Every time you run a piece of code, it puts it on the GPU, runs it, sends it back all in one go. So it makes things look very simple. So this is a slightly cut-down version of the PyTorch tutorial that PyTorch provides on their website. So you can grab that from there.

So rather than creating np.array, you create torch.tensor. But other than that, it's identical. So here's a random torch.tensor. APIs are all a little bit different. Rather than dot shape, it's dot size. But you can see it looks very similar. And so unlike in TensorFlow or Theano, we can just say x + y, and there it is.

We don't have to say z = x + y, f = function, x and y as inputs, set as output, and function dot a vowel. No, you just go x + y, and there it is. So you can see why it's called defined-by-run. We just provide the code and it just runs it.

Generally speaking, most operations in Torch as well as having this infix version. There's also a prefix version, so this is exactly the same thing. You can often in fact nearly always add an out equals, and that puts the result in this preallocated memory. We've already talked about why it's really important to preallocate memory.

It's particularly important on GPUs. So if you write your own algorithms in PyTorch, you'll need to be very careful of this. Perhaps the best trick is that you can stick an underscore on the end of most things, and it causes it to do in place. This is basically y + = x.

That's what this underscore at the end means. So there's some good little tricks. You can do slicing just like numpy. You can turn numpy stuff into Torch tensors and vice versa by simply going dot numpy. One thing to be very aware of is that A and B are now referring to the same thing.

So if I now add underscore A + = 1, it also changes B. Vice versa, you can turn numpy into Torch by calling Torch from numpy. And again, same thing. If you change the numpy, it changes the Torch. All of that so far has been running on the CPU.

To turn anything into something that runs on the GPU, you chuck dot CUDA at the end of it. So this x + y just ran on the GPU. So where things get cool is that something like this knows not just how to do that piece of arithmetic, but it also knows how to take the gradient of that.

To make anything into something which calculates gradients, you just take your Torch tensor, wrap it in variable, and add this parameter to it. From now on, anything I do to x, it's going to remember what I did so that it can take the gradient of it. For example, x + 2, I get x3 just like a normal tensor.

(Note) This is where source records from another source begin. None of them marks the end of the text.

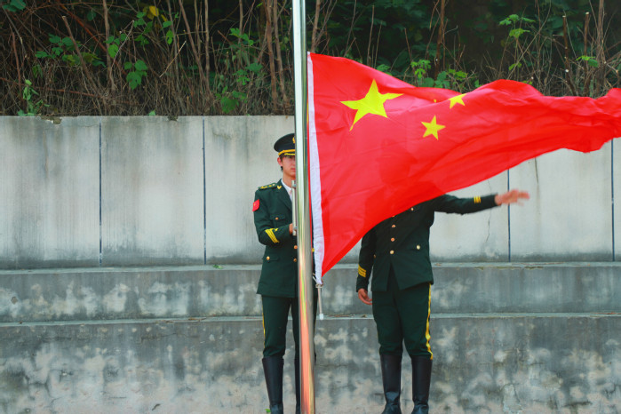 張東良、李桂萍為軍訓(xùn)團(tuán)授旗,部隊領(lǐng)導(dǎo)為軍訓(xùn)營授旗。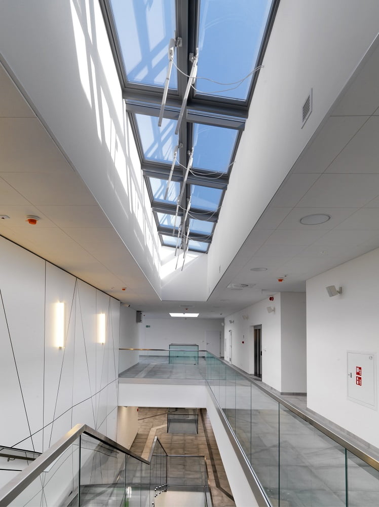 Warto zaznaczyć, że w przypadku tego obiektu system oddymiania jest wykorzystywany nie tylko w razie pożaru. Na co dzień okna wyposażone w napędy mogą być otwierane w celu wentylowania budynku. Dodatkowo w pomieszczeniach studia nagraniowego znajduje się świetlik dedykowany typowo do przewietrzania. Odpowiednia cyrkulacja świeżego powietrza i możliwość regulowania temperatury bez obciążania klimatyzacji mechanicznej to podstawowe korzyści takiego rozwiązania.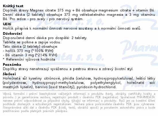 Doplněk stravy Magnex citrate 375 mg + B6 obsahuje magnesium citrate + vitamín B6. Denní dávka (2 tablety) obsahuje 375 mg vstřebatelného magnesia a 3 mg vitamínu B6. Pro srdce - pro svaly - pro nervový systém.
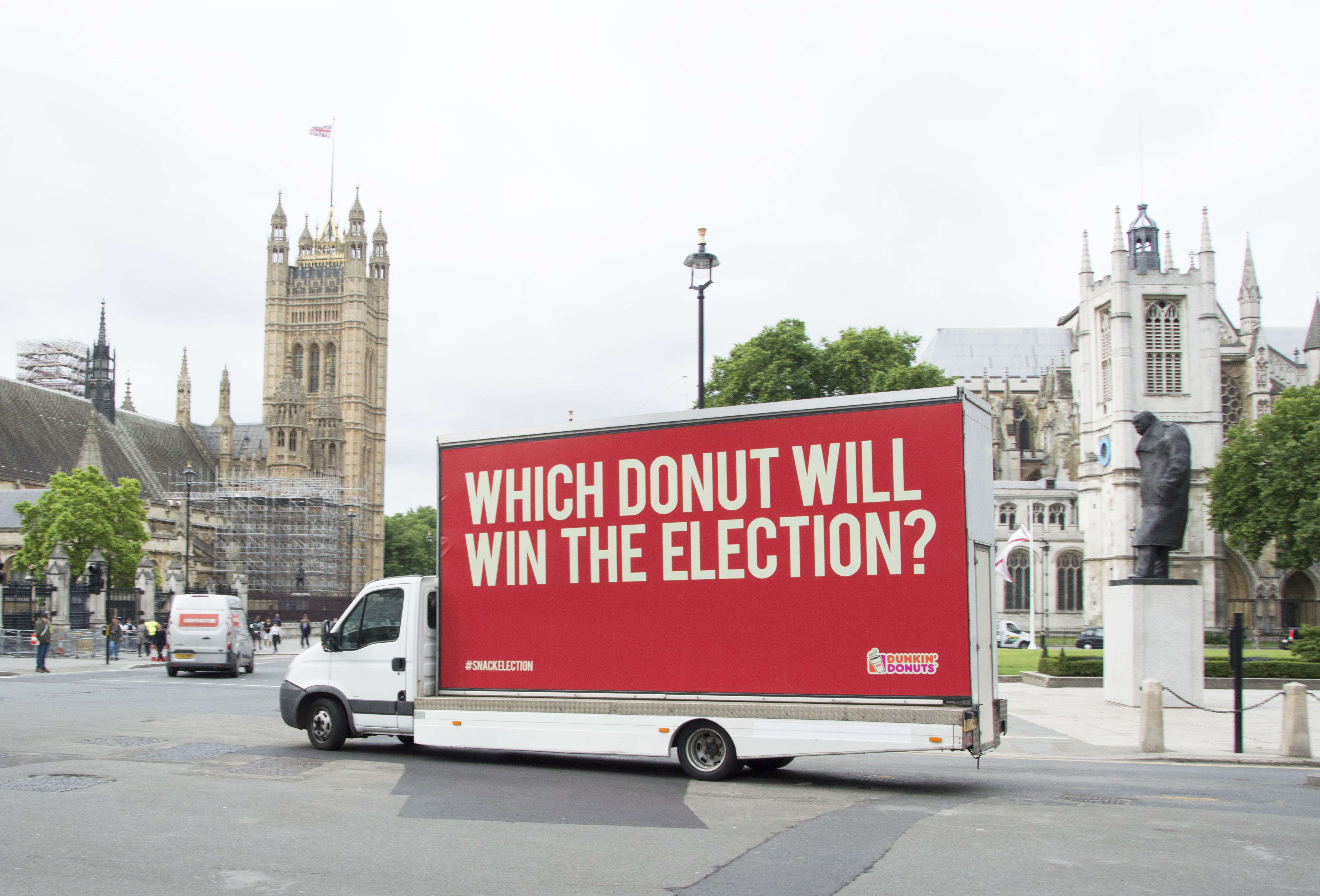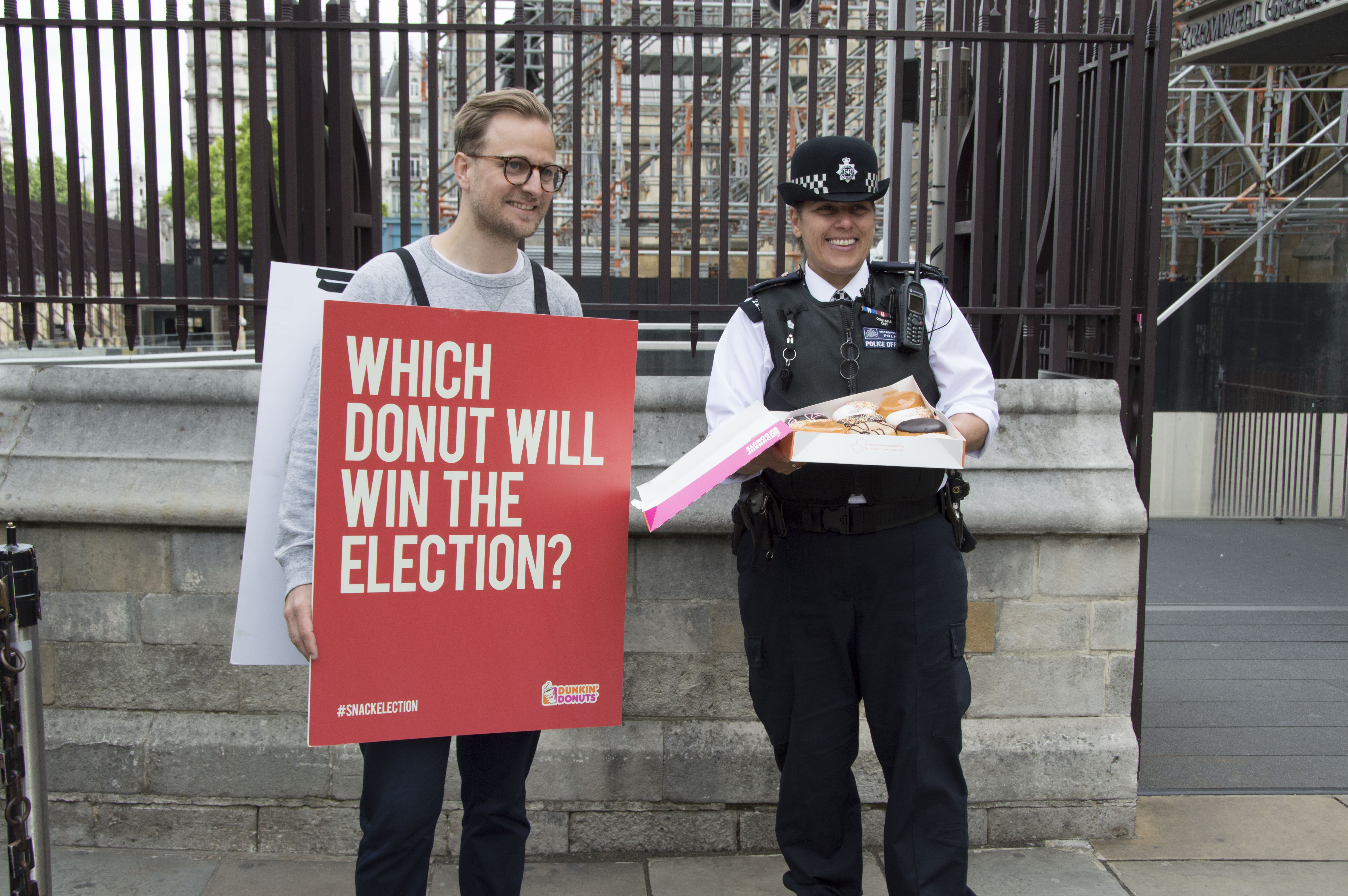 Dunkin’ Donuts is aiming to lighten the mood whatever the political outcome of today’s General Election Day (June 8) with its latest UK campaign, ‘The Snack Election’.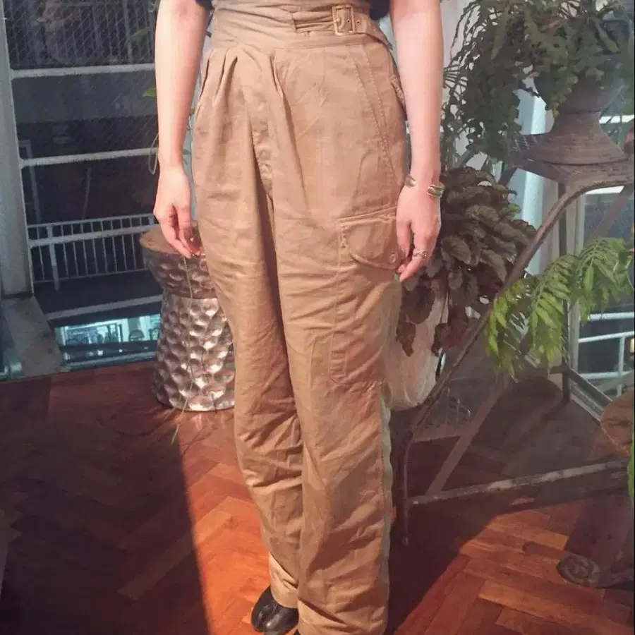 하이웨스트 디자인의 베이지색 구르카 팬츠입니다.

So a variable and a tensor have the same API except that I can keep doing things to it. Square times 3, dot mean. Later on, I can go dot backward and dot grad and I can get the gradient. So that's the critical difference between a tensor and a variable.

They have exactly the same API except variable also has dot backward and that gets you the gradient. When I say dot gradient, the reason that this is dout dx is because I typed out dot backward. So this is the thing the derivative is respect to. So this is kind of crazy.

You can do things like while loops and get the gradients of them. It's this kind of thing pretty tricky to do with TensorFlow or Theano, these kind of computation graph approaches. So it gives you a whole lot of flexibility to define things in much more natural ways. So you can really write PyTorch just like you're writing regular old NumPy stuff.

It has plenty of libraries, so if you want to create a neural network, here's how you do a CNN. I warned you early on that if you don't know about OO in Python, you need to learn it. So here's why. Because in PyTorch, everything's kind of done using OO.

I really like this. In TensorFlow, they kind of invent their own weird way of programming rather than use Python OO. Or else PyTorch just goes, "Oh, we already have these features in the language. Let's just use them." So it's way easier, in my opinion. So to create a neural net, you create a new class, you derive from module, and then in the constructor, you create all of the things that have weights.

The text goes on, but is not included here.